V. Action: Agitation

Under a grand strategy of Mass Agitation, Lenin theorized that his Bolshevik movement could grow in power by using organized manipulation to artificially raise proletarian consciousness. Now, it was time to apply theory to reality.

 In considering how to raise consciousness, Lenin could have drawn from a homemade tradition: modern political terrorism. In the 1870s, a few Russian proto-socialists saw peasant revolution as the way to achieve utopia, and like their socialist descendants, were frustrated at the peasants’ lack of interest. Similar to the logic of class consciousness, these proto-socialists believed that the peasants could be ‘inspired’ into revolt, and so they launched terrorist attacks to provide that ‘inspiration’ as well as practical guidance.

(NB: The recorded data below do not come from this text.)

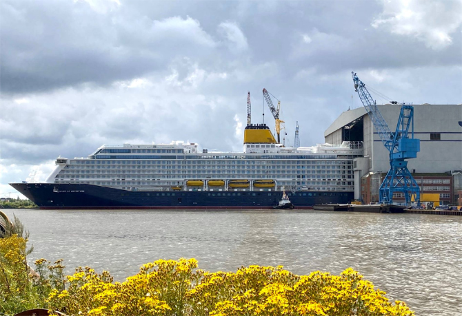 Almanya Papenburg kentindeki Meyer Werft tersanesi, dünyanın en yeni kruvaziyer gemisini suya indirdi! 58.250 GRT'luk Spirit of Adventure, İngiltere'nin Saga Cruises şirketi için inşa edildi.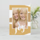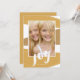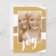 Das moderne Design der Farbblöcke in festlichen Goldtönen enthält eine handgeschriebene Botschaft für die Freude an dieser modernen Urlaubskarte.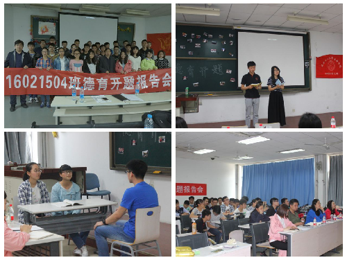 160211501班將答辯地點(diǎn)設(shè)在風(fēng)景宜人的北湖湖畔,接近大自然打開心扉,同學(xué)們結(jié)合《致青春》的讀書感受,總結(jié)了這一學(xué)期以來的得失,分享了個(gè)人感悟,并表達(dá)了對(duì)未來的憧憬。16021502班以《中國合伙人》影片為切入點(diǎn),每位同學(xué)結(jié)自身情況對(duì)大學(xué)的理想和目標(biāo)進(jìn)行了闡述與規(guī)劃。16021503班以同學(xué)們自導(dǎo)自演主題短劇作為線索,生動(dòng)展示了大學(xué)中從軍訓(xùn)、上課、考試、考研到就業(yè)時(shí)可能遇到的困難和挫折,成為德育開題答辯的一大亮點(diǎn),寓教于樂。16021504班以“家在心中,夢在遠(yuǎn)方”為主題,加入了“相知相守”自制視頻日志,紀(jì)錄了班級(jí)活動(dòng)的點(diǎn)點(diǎn)滴滴,營造了良好的氛圍。
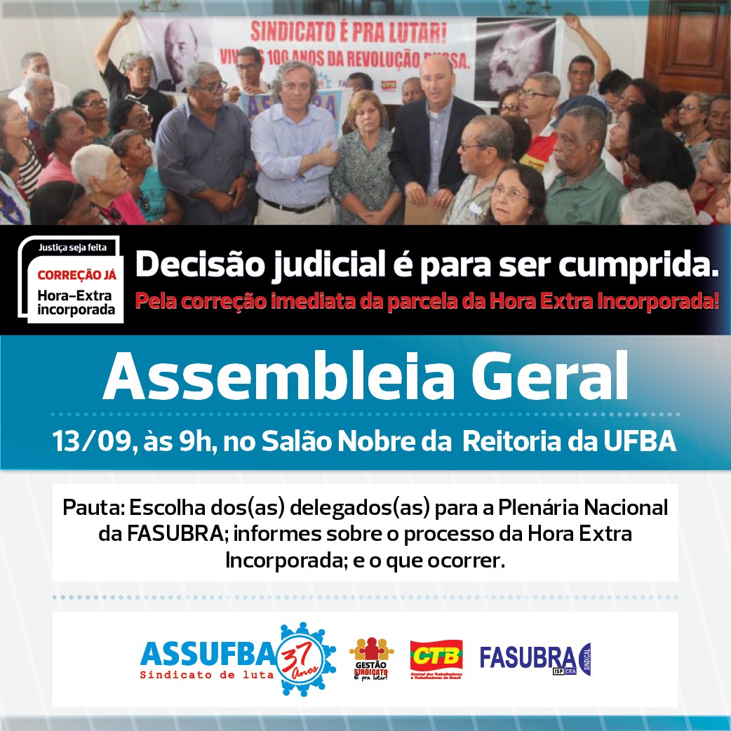 A ASSUFBA realiza Assembleia Geral no dia 13 de setembro, às 9h, no Salão Nobre da Reitoria da UFBA. Na pauta, o processo da Hora Extra Incorporada, com a presença do advogado do caso, Dr. Ivan Brandi; escolha dos(as) delegados(as) para a Plenária Nacional da FASUBRA; e o que ocorrer.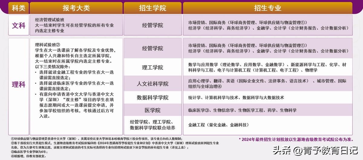 港中深有6大学院28个本科专业,报考时采用“大类招生”模式,考生在填报志愿阶段只需选择大类:“经济管理试验班”或“理科试验班”,入学后,在深入了解各学院及专业优势后,再选择具体专业且专业的招生名额不受限制。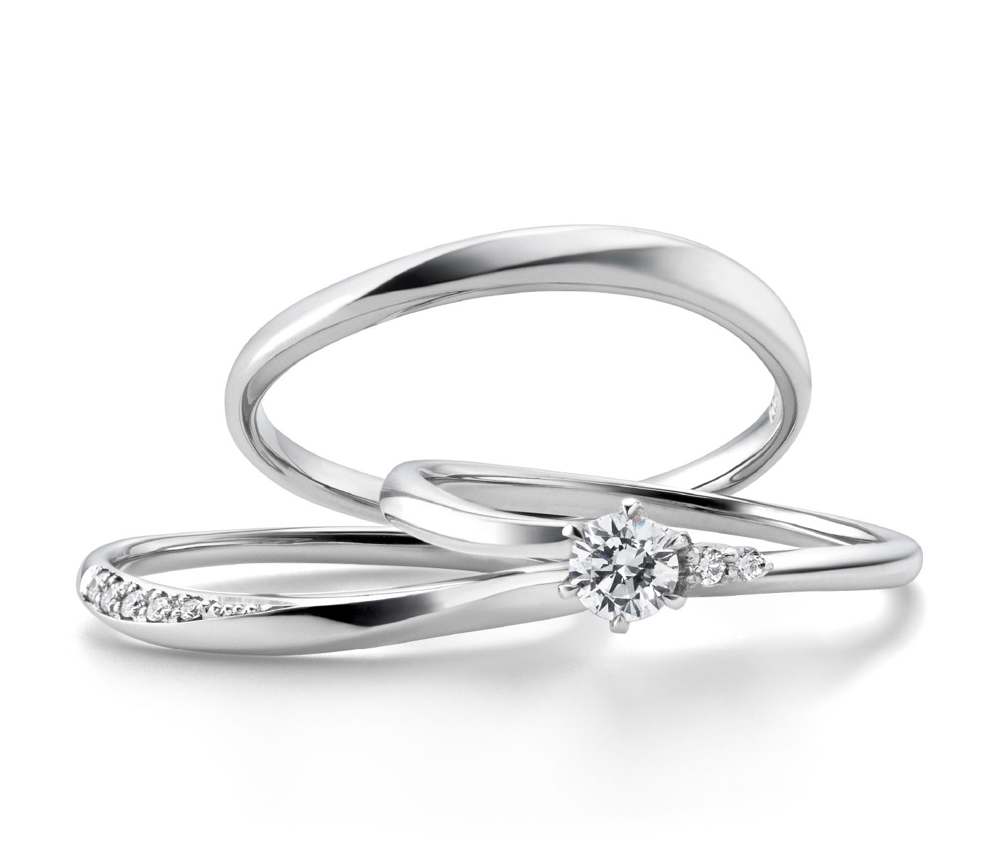 【No.16】 可憐なエンゲージリングがシンプルなマリッジリングに映え、フォーマルな雰囲気にもふさわしいセットです。

 Lenin was not impressed by the results. Despite some significant successes – including the assassination of a Czar – the peasant revolution never materialized. That was enough for many Bolsheviks to doubt the usefulness of terrorism; but even if it had generated consciousness growth, a movement would still have had to conduct a sustained campaign in order to ‘inspire’ the peasants up to revolution. And this was near-impossible, given that terrorism always triggered the full suppression of the Czarist state.

 Instead, Lenin opted for a more low-key action that he expected would be less provocative and therefore more sustainable: ‘Agitation’. In a way, agitation is not very different from that social movement cliché, ‘Raising Awareness’, but with the big caveat that under socialism, aware and conscious workers inevitably revolt against the establishment.

 Good agitation is largely indistinguishable from good propaganda, public relations, advertising or anything else in the persuasive arts. Lenin advised activists to focus on ‘kitchen-table issues’, seize the news cycle, establish emotional connections, and reinforce commitment by giving interested people entry-level tasks. The Bolsheviks also ‘politicized’ identities by linking them to socialism: notably, by asserting that women and colonized peoples were also victims of exploitation.

 But ultimately, activists had to remember that the goal was not charity, but to get the proletariat to overpower the establishment. As an example, while it might have been a good idea to use child labor as an emotional example of capitalist exploitation, the correct agitative response was probably not to promise a quick fix within the capitalist system; but instead, to stress that only under socialism could child labor truly be fixed.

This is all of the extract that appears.